Appeal from Circuit Court, Multnomah County. Patrick E. Dooley, Judge.

Tony Pizzuti, Portland, argued the cause for appellant. With him on the brief were Pizzuti, Mautz & Ireland, Portland.

James H. Clarke, Portland, argued the cause for respondent. With him on the brief were McColloch, Dezendorf, Spears & Lubersky and Robert E. Maloney, Jr., Portland.

In Banc. Denecke, J.

Denecke

The plaintiff was a passenger in an automobile and was injured when the automobile collided with defendant's automobile at an intersection. In the forthcoming injury action the jury returned a verdict for the defendant and plaintiff appeals.

The sole issue concerns the defense of contributory negligence.

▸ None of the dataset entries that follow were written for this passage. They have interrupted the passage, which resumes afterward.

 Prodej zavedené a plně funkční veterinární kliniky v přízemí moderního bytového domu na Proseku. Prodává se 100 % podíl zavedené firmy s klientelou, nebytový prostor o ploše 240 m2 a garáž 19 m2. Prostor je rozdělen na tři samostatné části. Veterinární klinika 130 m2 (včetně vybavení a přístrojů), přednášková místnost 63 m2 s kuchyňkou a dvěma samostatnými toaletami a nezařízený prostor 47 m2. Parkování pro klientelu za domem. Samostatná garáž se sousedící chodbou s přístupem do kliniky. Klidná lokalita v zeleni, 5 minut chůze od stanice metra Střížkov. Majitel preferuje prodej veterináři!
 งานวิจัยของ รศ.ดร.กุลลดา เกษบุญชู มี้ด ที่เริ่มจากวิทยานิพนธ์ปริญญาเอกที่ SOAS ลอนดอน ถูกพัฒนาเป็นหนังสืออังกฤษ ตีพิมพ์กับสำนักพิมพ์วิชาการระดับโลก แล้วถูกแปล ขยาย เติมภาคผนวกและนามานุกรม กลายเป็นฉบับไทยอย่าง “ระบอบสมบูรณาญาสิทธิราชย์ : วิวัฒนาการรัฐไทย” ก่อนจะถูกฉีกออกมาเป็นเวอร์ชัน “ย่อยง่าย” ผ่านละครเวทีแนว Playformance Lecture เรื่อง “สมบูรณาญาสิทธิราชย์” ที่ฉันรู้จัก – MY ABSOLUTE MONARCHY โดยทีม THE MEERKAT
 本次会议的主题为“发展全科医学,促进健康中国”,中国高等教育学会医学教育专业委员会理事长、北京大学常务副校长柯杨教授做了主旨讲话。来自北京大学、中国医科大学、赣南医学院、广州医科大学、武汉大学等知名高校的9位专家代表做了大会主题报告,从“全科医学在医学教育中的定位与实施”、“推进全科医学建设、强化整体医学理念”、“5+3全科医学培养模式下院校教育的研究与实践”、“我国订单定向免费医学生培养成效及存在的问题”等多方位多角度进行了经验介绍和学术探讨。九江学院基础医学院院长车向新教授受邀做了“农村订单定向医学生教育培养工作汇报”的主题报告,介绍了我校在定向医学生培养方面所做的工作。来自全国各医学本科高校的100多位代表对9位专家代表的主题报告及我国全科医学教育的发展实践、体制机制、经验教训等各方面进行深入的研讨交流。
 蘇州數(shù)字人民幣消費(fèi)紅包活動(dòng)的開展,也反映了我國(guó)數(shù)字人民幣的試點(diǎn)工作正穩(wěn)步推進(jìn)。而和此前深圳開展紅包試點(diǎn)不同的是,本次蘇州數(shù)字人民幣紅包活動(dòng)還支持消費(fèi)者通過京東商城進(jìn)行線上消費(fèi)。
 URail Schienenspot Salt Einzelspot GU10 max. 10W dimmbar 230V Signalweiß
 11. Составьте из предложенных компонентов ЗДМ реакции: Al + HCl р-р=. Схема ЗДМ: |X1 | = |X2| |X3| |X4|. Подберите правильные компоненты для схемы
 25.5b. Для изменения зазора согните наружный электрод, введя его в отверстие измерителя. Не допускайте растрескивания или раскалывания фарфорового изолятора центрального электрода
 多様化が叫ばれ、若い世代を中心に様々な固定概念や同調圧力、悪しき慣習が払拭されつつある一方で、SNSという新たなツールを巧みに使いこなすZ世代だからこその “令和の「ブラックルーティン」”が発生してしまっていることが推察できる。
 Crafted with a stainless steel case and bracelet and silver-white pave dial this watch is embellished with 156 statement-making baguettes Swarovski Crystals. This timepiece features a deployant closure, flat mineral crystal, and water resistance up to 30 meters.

This is another case in which the controversy is really not about the law, but about inferences permissible from the evidence.

The verdict was for the defendant; therefore, the evidence will be interpreted most favorably to the defendant.

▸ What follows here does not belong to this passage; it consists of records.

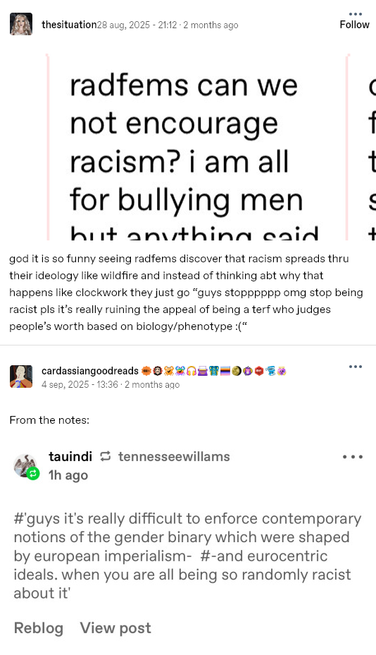 Sal@lemmy.world · 2 months agoTERF has a problem with ONE type of bioessentialismplus-squarelemmy.worldimagemessage-square5linkfedilinkarrow-up1128arrow-down15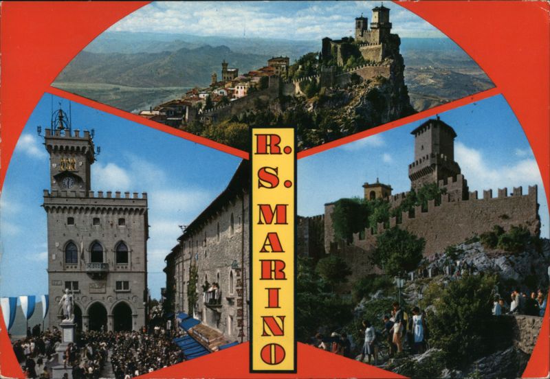 The postcard features a collage of three distinct views: a panoramic mountain landscape, the historic Public Palace with a prominent clock tower and a statue, and the iconic Three Towers on a rocky outcrop with people walking below.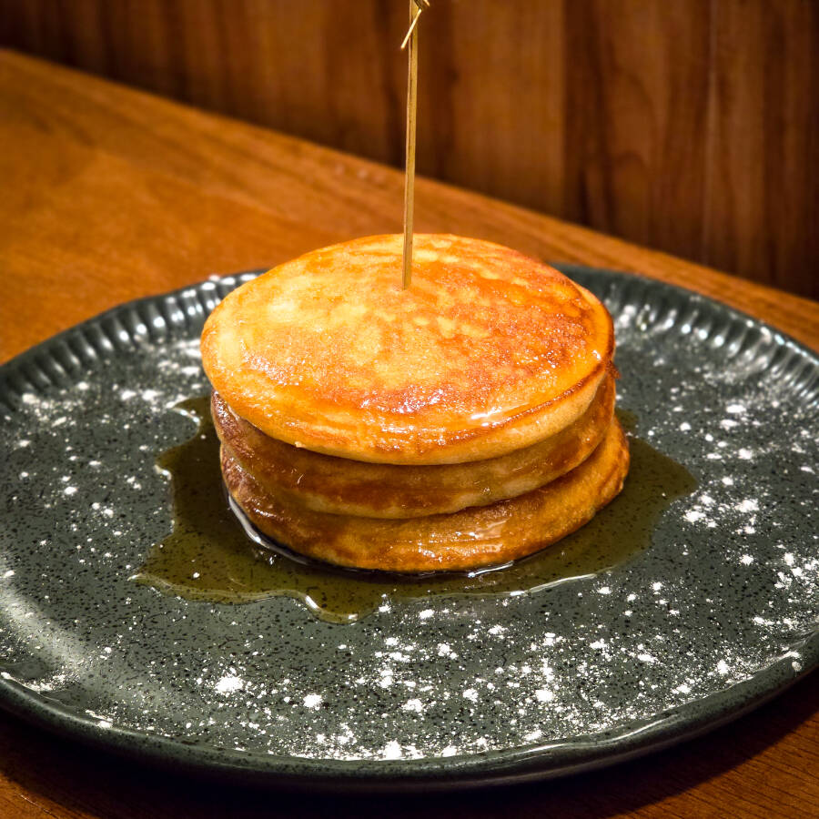 Panqueca no estilo americano acompanhada de mel.

The plaintiff was in the front seat of a Barracuda in which he was being driven home by a girl. The time was 2:30 a.m. The car was going about 35 to 40 miles per hour in a 35-mile zone. They approached an intersection controlled by a signal. The plaintiff watched the signal "continuously." The light turned yellow. The jury could have found the driver accelerated to about 50 to 55 miles per hour; however, the yellow light, which is on 3.6 seconds, turned to red when the car was two or three car lengths from the intersection. The defendant entered from the street

on plaintiff's right. A witness testified the defendant had the green light. The plaintiff's driver tried to swerve around defendant's car but failed and the collision occurred. Immediately after the accident, plaintiff's driver appeared to a witness to be under the influence of narcotics.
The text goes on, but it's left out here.